Cardinal Scola's texts -- sermons, speeches, conferences and theological publications -- are typically insightful, well-researched and not easy to understand. They draw heavily on philosophical and theological terminology, are dotted with footnotes and range over a wide cultural landscape....

In an interview with Catholic News Service in December, Cardinal Scola said communicating effectively was essential to being a good pastor -- and something that is not always easy. What convinces people more than well-reasoned arguments, he said, is the ability to translate those arguments into experience.

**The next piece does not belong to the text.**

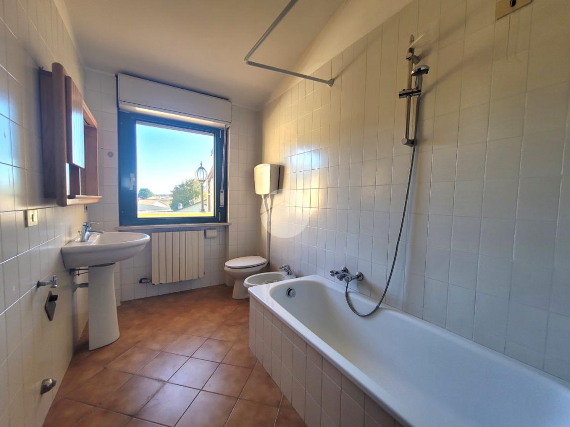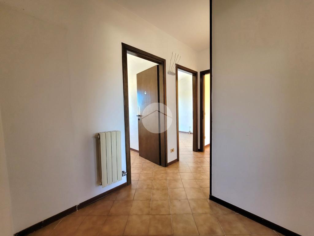 Un disimpegno spazioso, dove si può ricavare lo spazio per un ulteriore armadio, conduce al bagno finestrato dell'abitazione.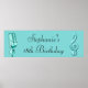 Personalised, elegant custom birthday party banner for womens' 18th Birthday or any age. Beautiful turquoise background a funky teal / turquoise retro vintage microphone, and a pretty, glamourous printed image rhinestone glitter, sequins, jewels sparkles glittery musical note / music note. Chic, classy, cute, girly, modern 18th birthday party celebration banner with trendy, fashionable teal / turquoise colours. Groovy, stylish, sophisticated, pretty retro mic music note personalised banner for girls, teens and women of any age. Perfect banner for a dinner dance dancing or Karaoke singing event. If you need any assistance customising your product please contact me through my store and I will be happy to help.

The heart of Cardinal Scola's message these days is that the church has real answers to the problems of modern men and women, particularly in restoring meaning to the concept of freedom. But, even on such basic topics as the permanence of marriage, the church's arguments are frequently misunderstood, he said.

"One reason for the misunderstanding is that we Christians often propose this moralistically instead of giving reasons, instead of convincing. This is a weakness of ours," the cardinal said.